Typically, computers answer questions with an absolute truth (either yes or no, 0 or 1). Fuzzy logic, on the other hand, understands truth on a sliding scale, where the answer can be “maybe.” When applied to a model of pedestrian traffic, it can account for emotions like fear, panic, and anxiety, and it can show how each variable influences how fast a crowd evacuates. These fuzzy models can more accurately reflect pedestrian behavior like that seen during the stampede in Shanghai, according to Ma.

Ma cochaired a special session on intelligent pedestrian traffic and evacuation dynamics at this week’s 18th IEEE International Conference on Intelligent Transportation Systems (ITSC2015), where several papers investigating fuzzy logic pedestrian models were presented.

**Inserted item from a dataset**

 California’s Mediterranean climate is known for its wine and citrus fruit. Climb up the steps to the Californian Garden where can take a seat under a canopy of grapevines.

One of those studies, led by a research team at the Polytechnic University of Bari, in Italy, involved creating an algorithm that incorporated fuzzy perception and anxiety among people in an evacuating crowd. Although the algorithm could create many scenarios, the study focused on how pedestrians evacuated a simulated layout of the Bari International Airport’s first floor. The engineers programmed different numbers and types of escape routes, and measured pedestrian flow and evacuation outcome.

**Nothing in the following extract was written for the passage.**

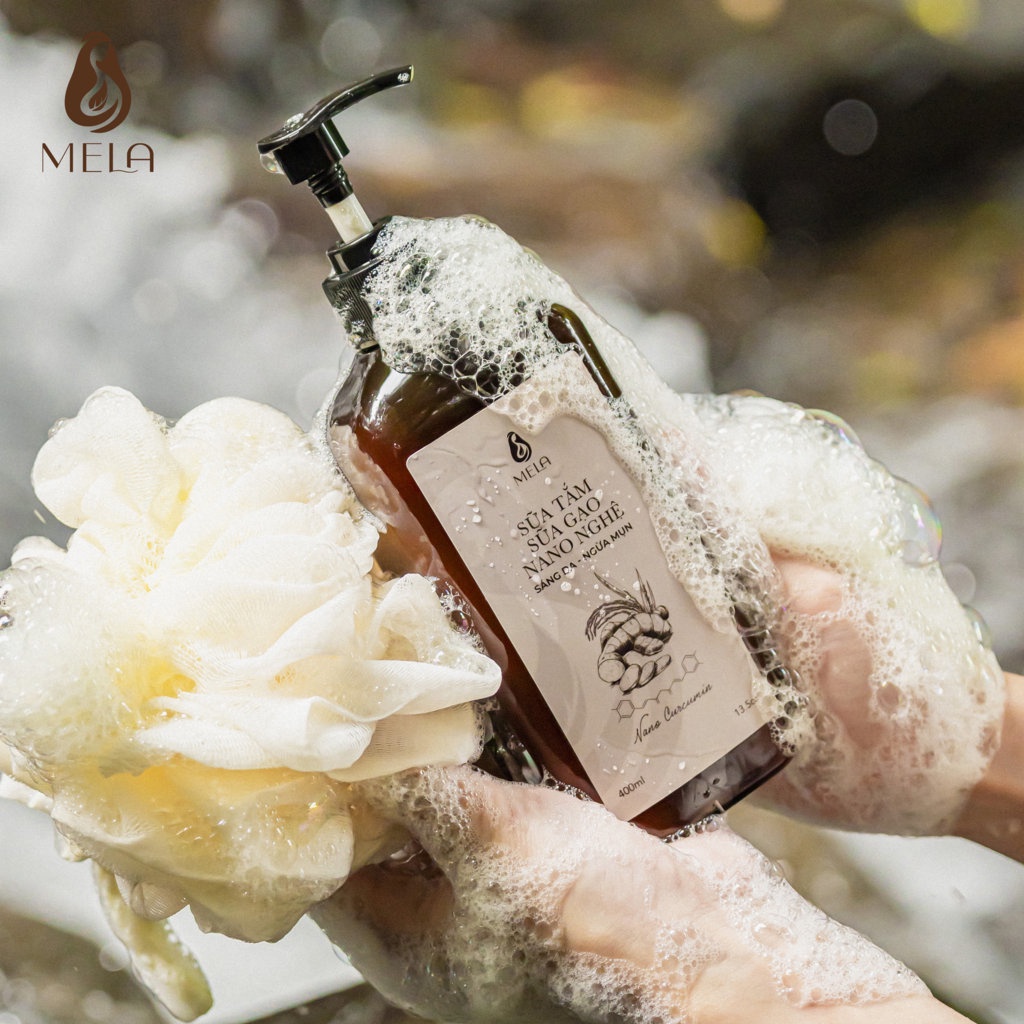 Sắc Đẹp > Tắm & chăm sóc cơ thể > Xà phòng & sữa tắm > Sữa tắm dưỡng ẩm dưỡng da MELA với NANO nghệ, và chiết suất từ gạo, giảm mụn mờ thâm và sáng da (400ml)

“In our opinion, [the simulations] are similar to reality,” says Mario Marinelli, one of the researchers. “We can see the uncertainty in choosing between exits.”

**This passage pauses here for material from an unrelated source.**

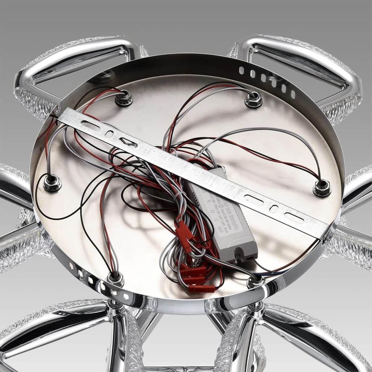Производитель светильника рекомендует для устройства 9 светодиодных ламп с цоколем LED и мощностью 120 W, что позволит осветить помещение площадью 24 кв.м. Габариты изделия: высота – 150 мм, диаметр – 530 мм.
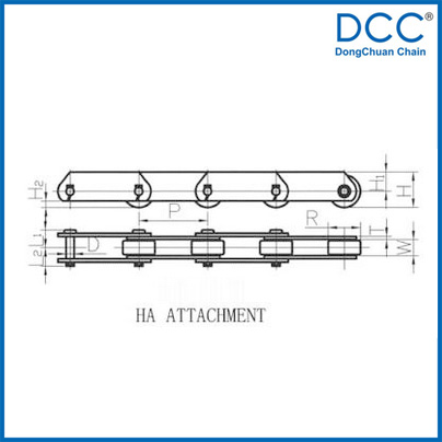 | Chain No. | Roller type | Pitch P (mm) | Inner width of inner link W (mm) | Diameter of roller R (max) (mm) | Height of chain H (mm) | Data of sidebar | Data of pin | Tensile strength Q (KN) | |||||

The model could also re-create specific panic-induced behaviors, such as herding and milling. Traditionally, probability theory has been used to measure uncertainty in such models, but those models could only quantify the occurrence of an event—for example, whether or not an individual in a crowd would make it out of a burning building, according to Marinelli. They did not capture the properties that fuzzy logic models can....MORE
One of the more interesting examples of people actually doing the right thing was the crash of Air France Flight 358 in Toronto. Attempting to land in really lousy weather the plane went too far down the runway and into a ravine. There were 309 people on board.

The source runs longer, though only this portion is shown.